▶ **Directions**:
Skip all pictures. Set down only the lines starting at the line containing "Head: Crown (made" and running to the end of the listing.

▶ **Data for this exercise**:

○ ○ ○ ○ ○

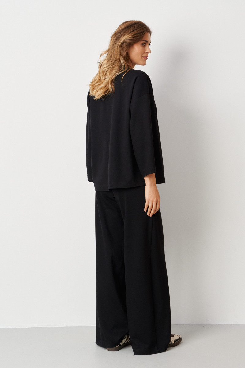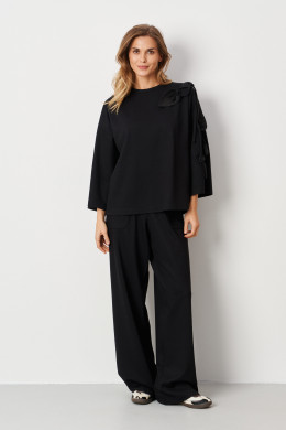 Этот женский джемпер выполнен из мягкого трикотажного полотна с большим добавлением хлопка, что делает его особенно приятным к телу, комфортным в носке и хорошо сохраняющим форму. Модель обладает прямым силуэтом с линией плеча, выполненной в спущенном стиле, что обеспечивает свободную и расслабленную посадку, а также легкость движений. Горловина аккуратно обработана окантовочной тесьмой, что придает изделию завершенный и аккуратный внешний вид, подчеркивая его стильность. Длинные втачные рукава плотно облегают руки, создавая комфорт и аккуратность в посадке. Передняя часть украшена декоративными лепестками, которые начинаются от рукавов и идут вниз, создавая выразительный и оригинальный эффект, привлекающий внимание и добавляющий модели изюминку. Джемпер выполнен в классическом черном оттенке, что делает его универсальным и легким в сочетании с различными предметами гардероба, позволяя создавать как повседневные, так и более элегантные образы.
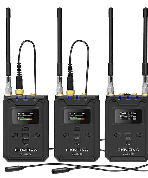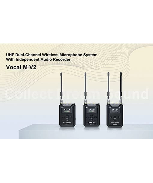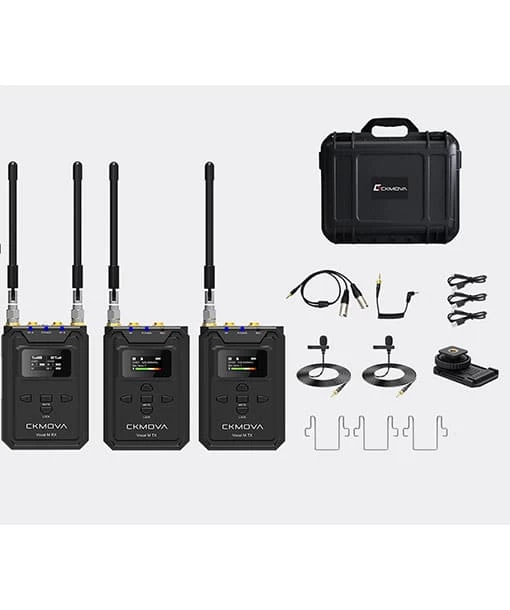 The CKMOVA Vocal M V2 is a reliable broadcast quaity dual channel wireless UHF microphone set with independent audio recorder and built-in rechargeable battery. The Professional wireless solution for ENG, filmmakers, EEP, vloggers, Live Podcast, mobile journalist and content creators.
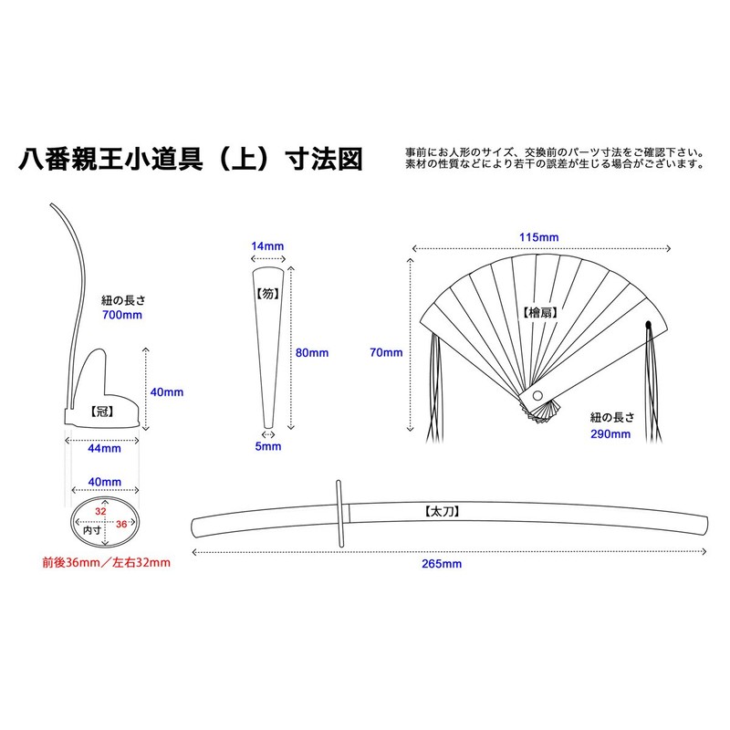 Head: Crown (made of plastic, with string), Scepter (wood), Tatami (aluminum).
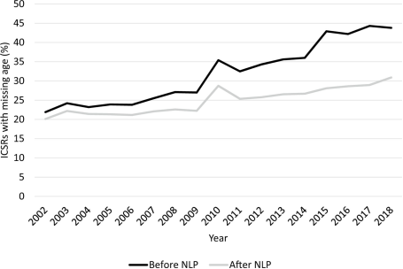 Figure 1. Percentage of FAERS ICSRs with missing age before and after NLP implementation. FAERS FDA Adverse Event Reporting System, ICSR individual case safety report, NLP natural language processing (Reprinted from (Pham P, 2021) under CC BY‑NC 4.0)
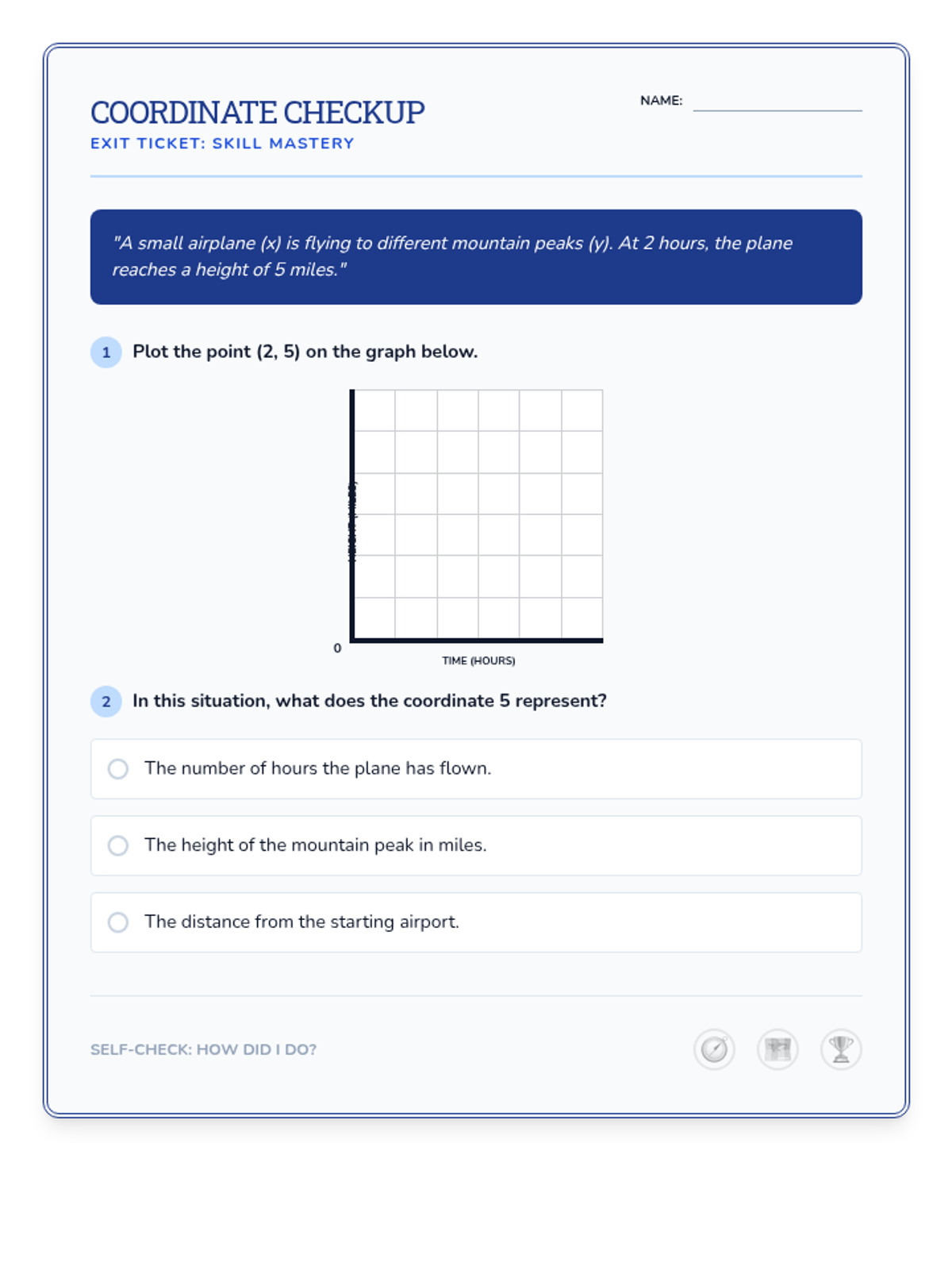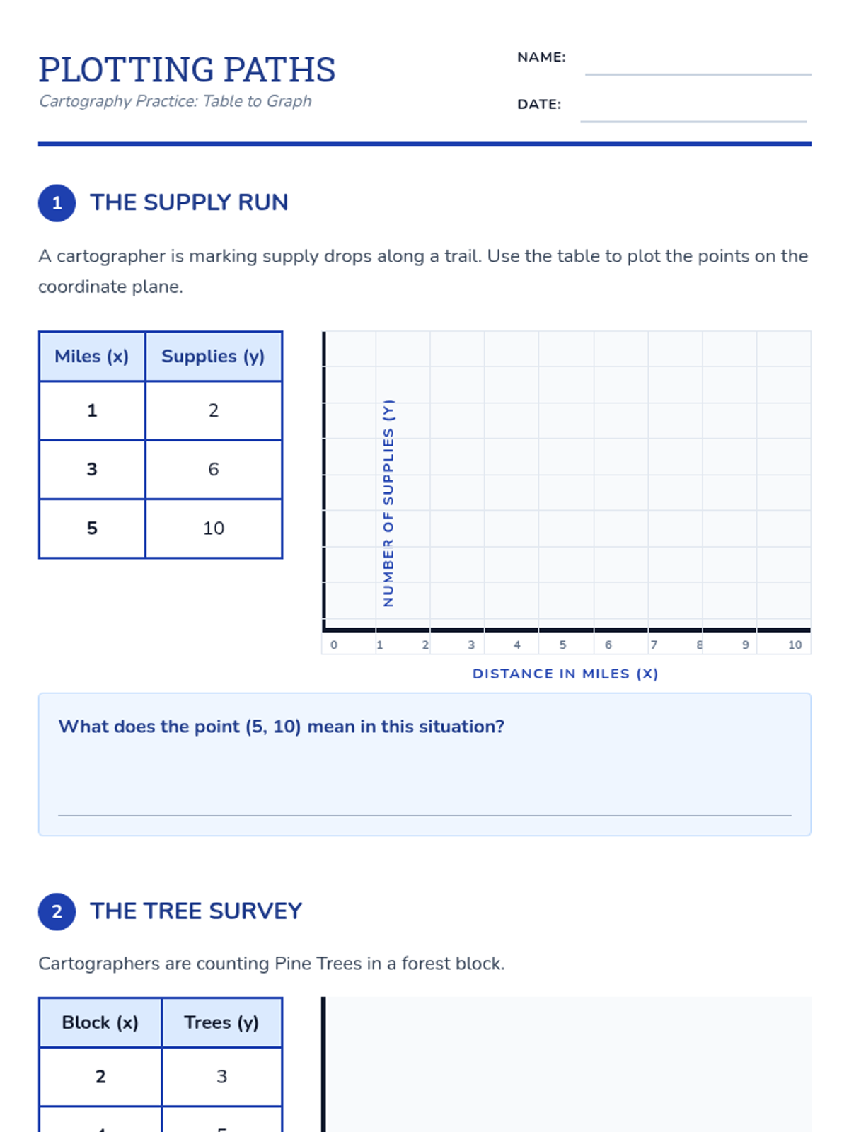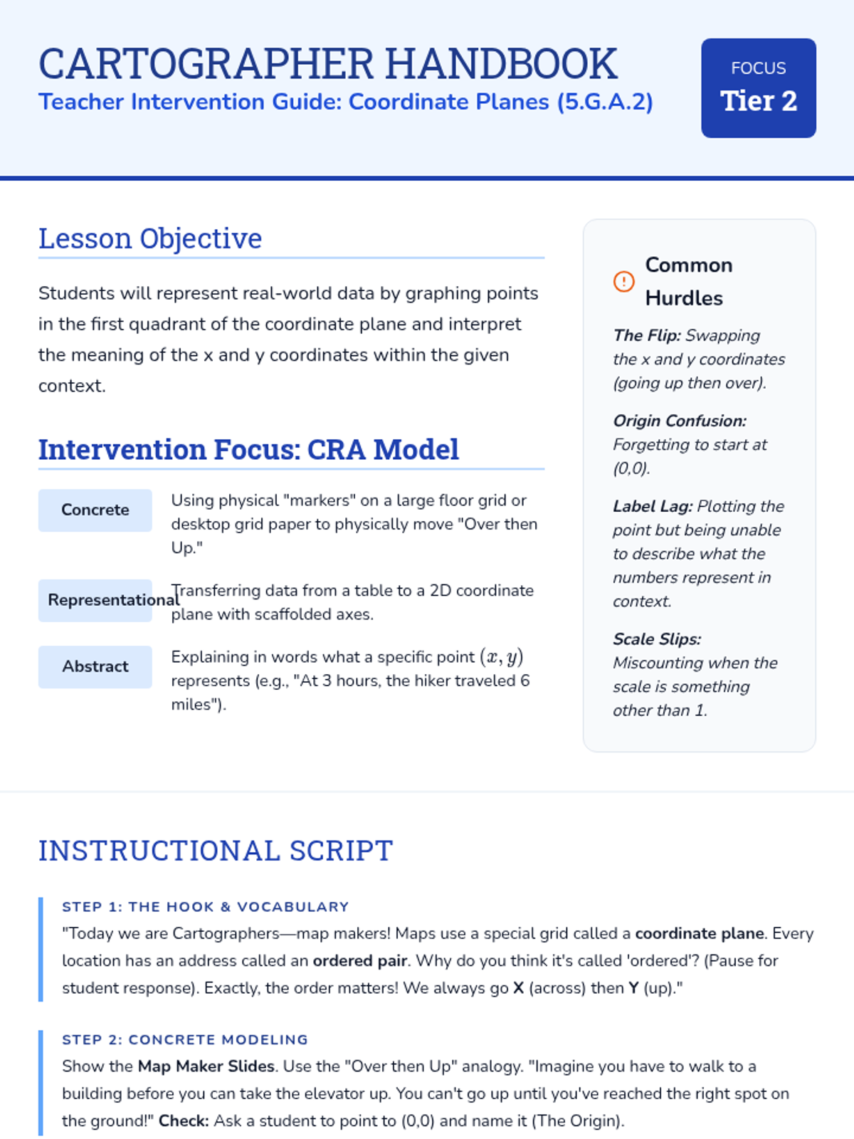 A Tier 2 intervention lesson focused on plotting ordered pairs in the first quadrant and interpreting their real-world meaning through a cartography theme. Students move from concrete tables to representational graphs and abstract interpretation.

○ ○ ○ ○ ○

▶ **Solution for this task**:
 Head: Crown (made of plastic, with string), Scepter (wood), Tatami (aluminum).
 Figure 1. Percentage of FAERS ICSRs with missing age before and after NLP implementation. FAERS FDA Adverse Event Reporting System, ICSR individual case safety report, NLP natural language processing (Reprinted from (Pham P, 2021) under CC BY‑NC 4.0)
 A Tier 2 intervention lesson focused on plotting ordered pairs in the first quadrant and interpreting their real-world meaning through a cartography theme. Students move from concrete tables to representational graphs and abstract interpretation.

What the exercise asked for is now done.